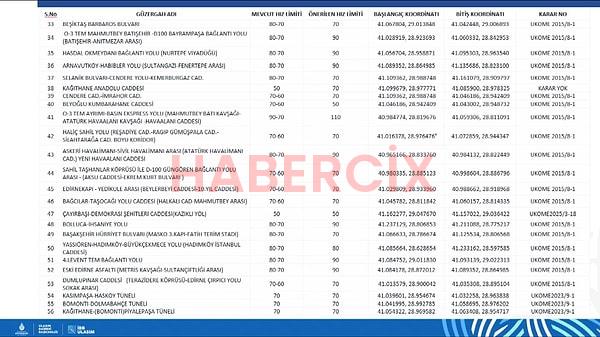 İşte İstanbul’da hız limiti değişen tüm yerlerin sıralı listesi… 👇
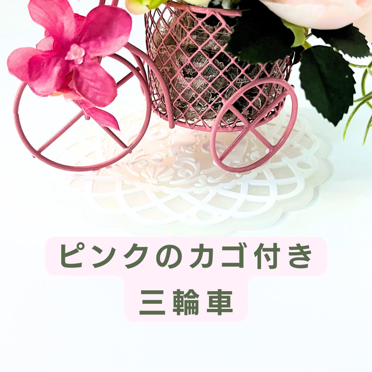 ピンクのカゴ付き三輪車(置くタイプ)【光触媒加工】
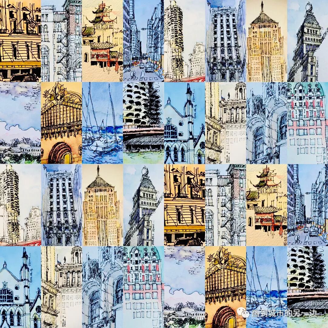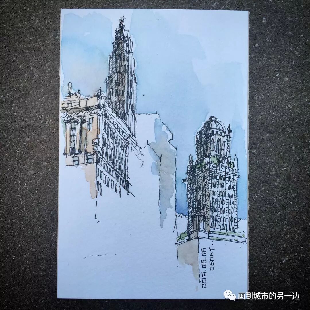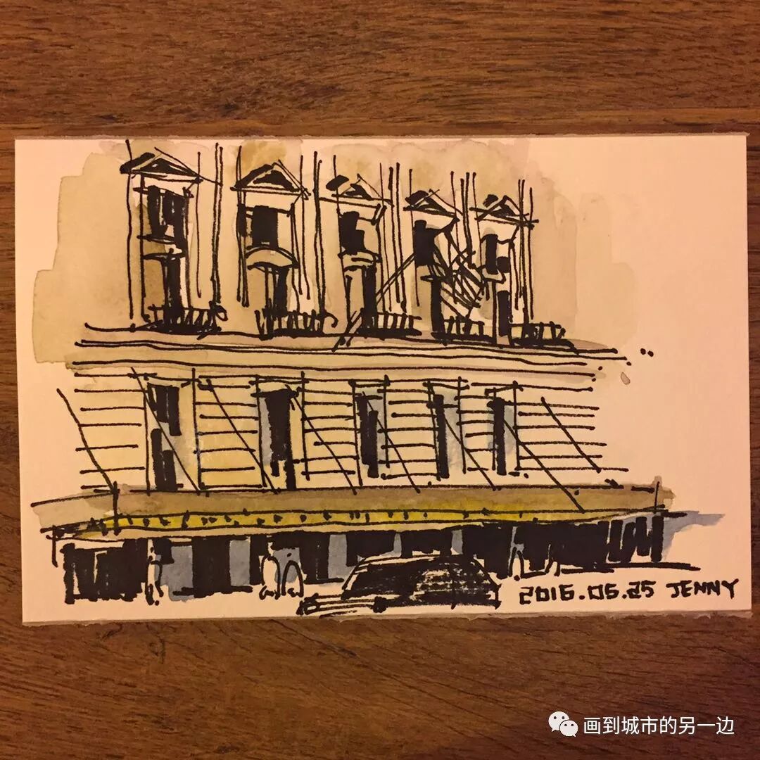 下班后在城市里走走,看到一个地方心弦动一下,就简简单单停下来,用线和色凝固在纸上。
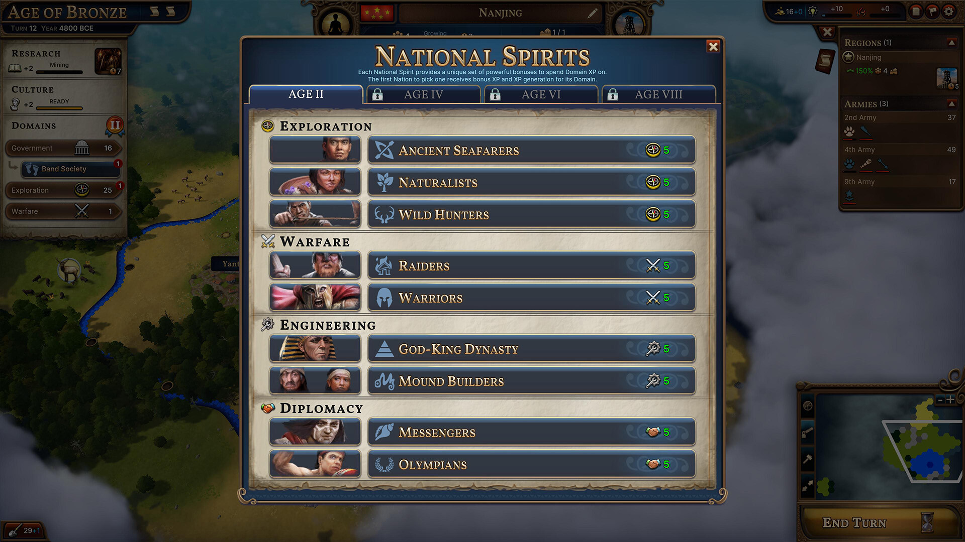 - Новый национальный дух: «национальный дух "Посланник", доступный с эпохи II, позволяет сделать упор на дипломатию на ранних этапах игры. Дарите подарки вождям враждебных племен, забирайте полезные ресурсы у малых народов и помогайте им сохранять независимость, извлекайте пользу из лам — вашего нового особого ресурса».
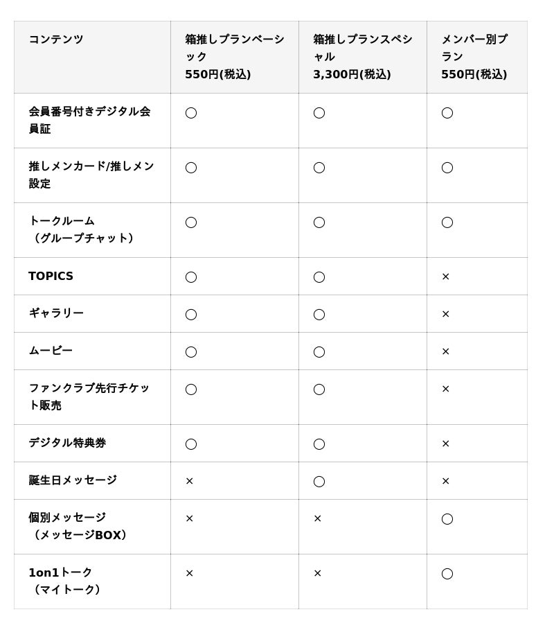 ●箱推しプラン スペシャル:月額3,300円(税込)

## What is expected
The final stretch of the data, from the line with "ピンクのカゴ付き三輪車(置くタイプ)【光触媒加工】" through its last line, is to be retyped exactly; pictures are not part of the copy.

## Response area
 ピンクのカゴ付き三輪車(置くタイプ)【光触媒加工】
 下班后在城市里走走,看到一个地方心弦动一下,就简简单单停下来,用线和色凝固在纸上。
 - Новый национальный дух: «национальный дух "Посланник", доступный с эпохи II, позволяет сделать упор на дипломатию на ранних этапах игры. Дарите подарки вождям враждебных племен, забирайте полезные ресурсы у малых народов и помогайте им сохранять независимость, извлекайте пользу из лам — вашего нового особого ресурса».
 ●箱推しプラン スペシャル:月額3,300円(税込)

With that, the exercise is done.